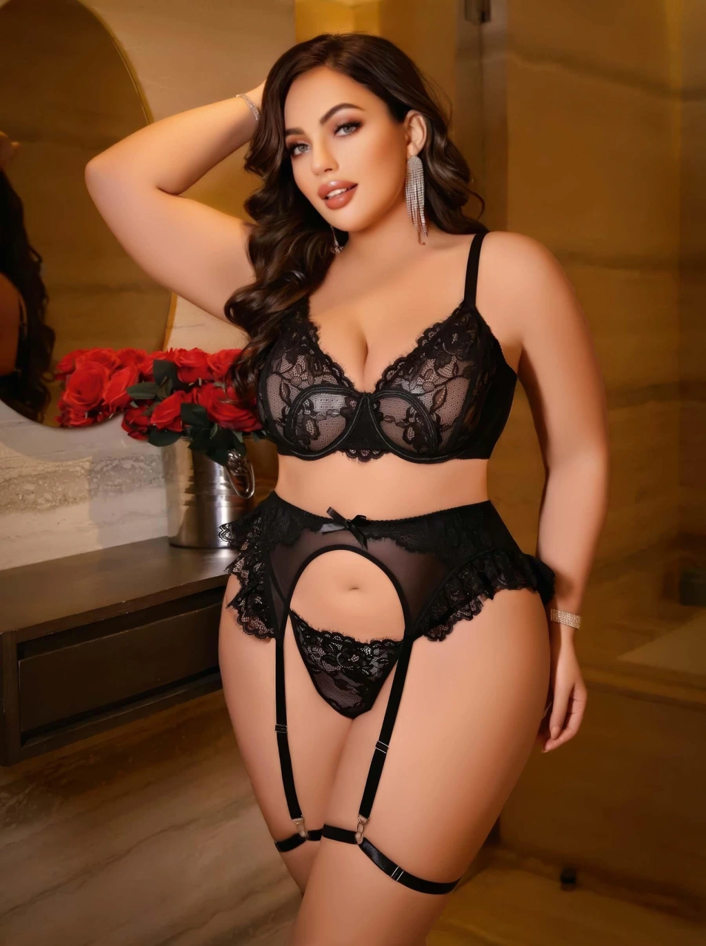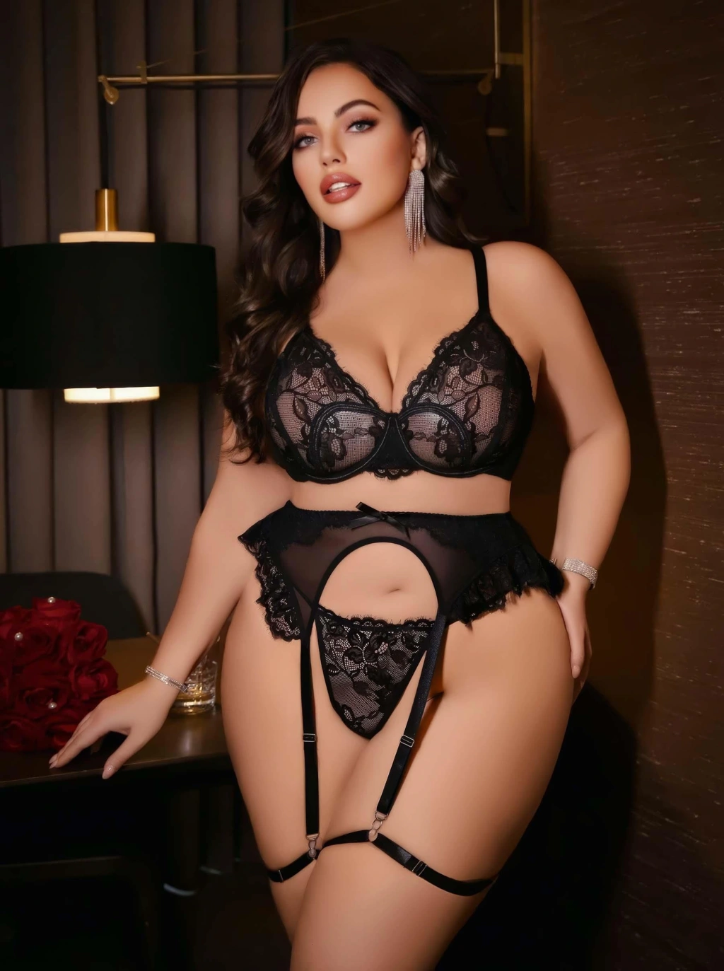 Kadın Büyük Beden Dantel Detaylı Fantezi Jartiyer Takımı 8010
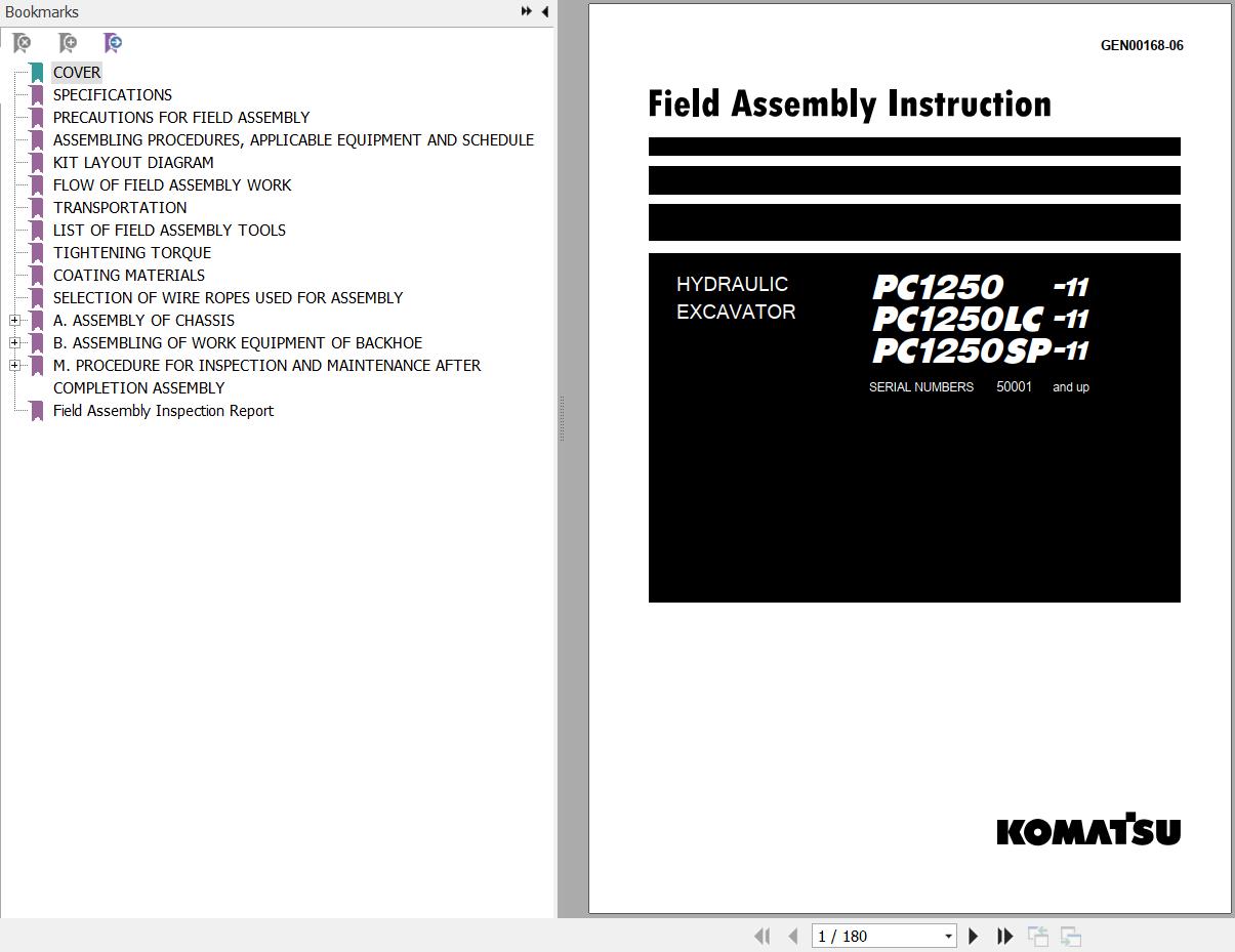 Komatsu PC1250-11 PC1250LC-11 PC1250SP-11 Field Assembly Manual GEN00168-06
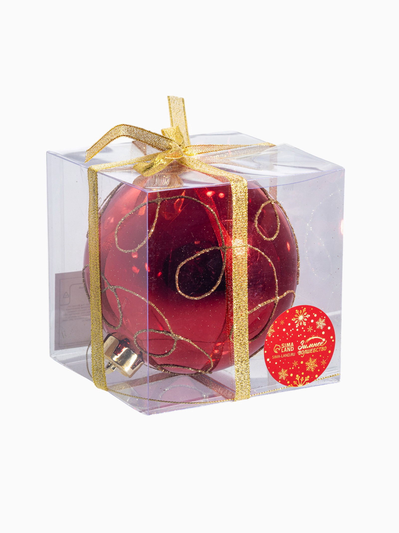 Ёлочный шар "Золотые завитки", новогодний, d=12 см, красный, 12x12 см., Зимнее волшебство, Китай
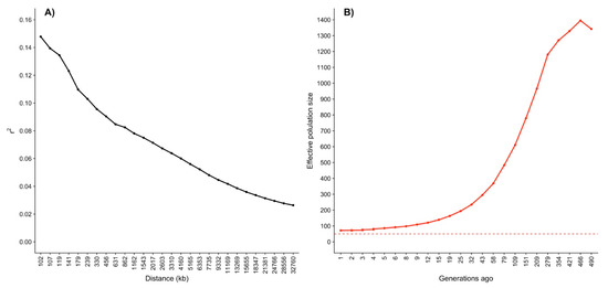 The historical trajectory of effective population size was estimated through linkage disequilibrium () using the SNeP V1.1 software [23]. The was evaluated using the squared Pearson’s product-moment correlation coefficient between pairs of loci ( for unphased data as proposed by Barbato et al. [23] as follows:
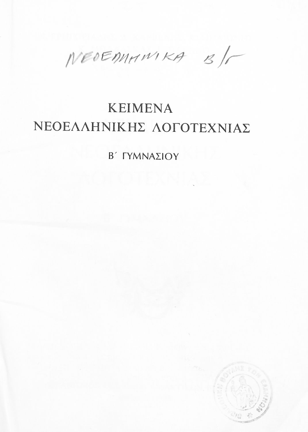 Βαθμίδα εκπαίδευσης: Δευτεροβάθμια Τάξη: Β' Γυμνασίου Μάθημα: Νέα Ελληνικά Γλώσσα: Δημοτική Παρουσίαση περιεχομένου: Σχολικό εγχειρίδιο Νέων Ελληνικών Β' Γυμνασίου που περιέχει δημοτικά τραγούδια, πεζά, δοκίμια και ποιήματα σύγχρονων Ελλήνων συγγραφέων και είναι χωρισμένο σε θεματικές ενότητες όπως η πόλη και η ύπαιθρος, η εποχή του 40' και η κατοχή, η θρησκευτική ζωή, ο καημός της ξενιτιάς, ο ελληνισμός έξω από τα σύνορα, οι αγώνες Ακριτών-Κλεφτών κ.α. Περιλαμβάνει και έργα ευρωπαίων λογοτεχνών. |

*-*-*

§ **Directions for this task**
In the transcription, every picture is to be excluded and the records above given again exactly.

§ **Expected answer**
 Kadın Büyük Beden Dantel Detaylı Fantezi Jartiyer Takımı 8010
 Komatsu PC1250-11 PC1250LC-11 PC1250SP-11 Field Assembly Manual GEN00168-06
 Ёлочный шар "Золотые завитки", новогодний, d=12 см, красный, 12x12 см., Зимнее волшебство, Китай
 The historical trajectory of effective population size was estimated through linkage disequilibrium () using the SNeP V1.1 software [23]. The was evaluated using the squared Pearson’s product-moment correlation coefficient between pairs of loci ( for unphased data as proposed by Barbato et al. [23] as follows:
 Βαθμίδα εκπαίδευσης: Δευτεροβάθμια Τάξη: Β' Γυμνασίου Μάθημα: Νέα Ελληνικά Γλώσσα: Δημοτική Παρουσίαση περιεχομένου: Σχολικό εγχειρίδιο Νέων Ελληνικών Β' Γυμνασίου που περιέχει δημοτικά τραγούδια, πεζά, δοκίμια και ποιήματα σύγχρονων Ελλήνων συγγραφέων και είναι χωρισμένο σε θεματικές ενότητες όπως η πόλη και η ύπαιθρος, η εποχή του 40' και η κατοχή, η θρησκευτική ζωή, ο καημός της ξενιτιάς, ο ελληνισμός έξω από τα σύνορα, οι αγώνες Ακριτών-Κλεφτών κ.α. Περιλαμβάνει και έργα ευρωπαίων λογοτεχνών. |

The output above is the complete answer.